A fascinating example of a successful link between grassroots and international elites, mediated by Oxfam, comes from the Treatment Action Campaign for national provision of drugs necessary to treat HIV/Aids in South Africa.  This was a grassroots movement, involving civil disobedience learned in anti-apartheid struggles, and a ‘treatment literacy programme’ that was run by volunteers who were themselves suffering with HIV/Aids.  It also involved taking the South African government to court, and international pressure on pharmaceutical companies to bring down the price of the drugs.  Oxfam was very important in the lobbying of pharmaceutical companies, and it also helped organise protests around the world to ensure that the South African government made the drugs available nationally.

But although they are clearly necessary to realising human rights, we actually know very little about grassroots mobilisations.  Ron’s, Crow’s and Golden’s research, which found that poor people do not know about human rights is disturbing, but it is not really surprising.  If people are to make ‘human rights’ part of their everyday lives, they must – literally – be translated into the languages people use.  But does this always take the form of ‘vernacularisation’ in Sally Engle Merry’s terms – which involves some reference to concepts that are embedded in international human rights law, including equality of the individual?   Or, as Jack Snyder suggests, does it produce new hybrid ways of thinking at the grassroots, complex and pluralistic, which must first be understood in their own terms before they can be related back - if at all - to the language of international human rights law? 

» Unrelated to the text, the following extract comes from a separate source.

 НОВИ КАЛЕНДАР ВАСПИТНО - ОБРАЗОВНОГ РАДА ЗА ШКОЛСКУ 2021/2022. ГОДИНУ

We also know very little about how INGOs link to grassroots movements. In the case of the Treatment Action Campaign, it seems clear that Oxfam fitted in with the aims of the movement as it was developed nationally.  But sometimes movements are shaped to attract the help of INGOs.  This can distort a movement’s aims, taking it in a direction that diverges from local understandings.  As Clifford Bob has shown, it can even be dangerous when the world’s attention is drawn only to violence and bloodshed, and leaders are tempted to escalate protests in order to provide it. 

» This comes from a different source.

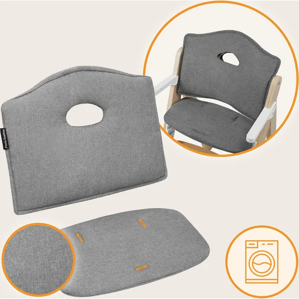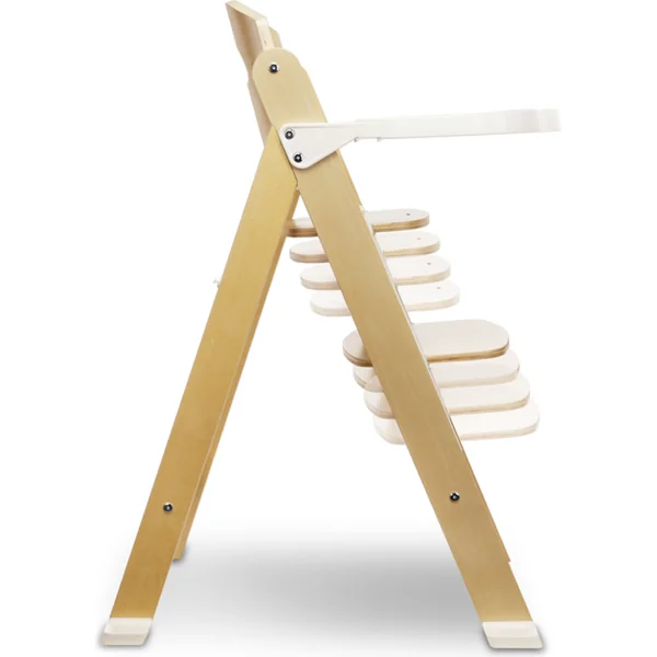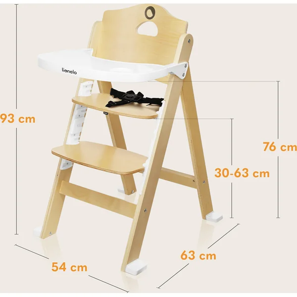 Construction en bois sécurisée : Les harnais de sécurité à cinq points garantissent une position stable pour le tout-petit et le repose-pieds amovible offre un soutien solide pour les jambes. L’enfant peut ainsi maintenir une bonne posture assise pendant le repas, ce qui influence le bon fonctionnement des intestins ainsi que le développement de l’appareil vocal. Le grand plateau offre suffisamment d’espace pour les repas – idéal pour élargir l’alimentation avec la méthode BLW. Le produit est conforme à la norme européenne EN 14988.

If poor people’s human rights are to be respected, we need to know more about who talks and who listens when human rights are in question.  To understand how grassroots mobilisations can successfully engage elites, we need to know more about how people experience talk of human rights at the local level.  And we also need to know more about how INGOs have supported grassroots mobilisations in examples of good practice.  Who talks and who listens? That is surely the most important question for human rights today.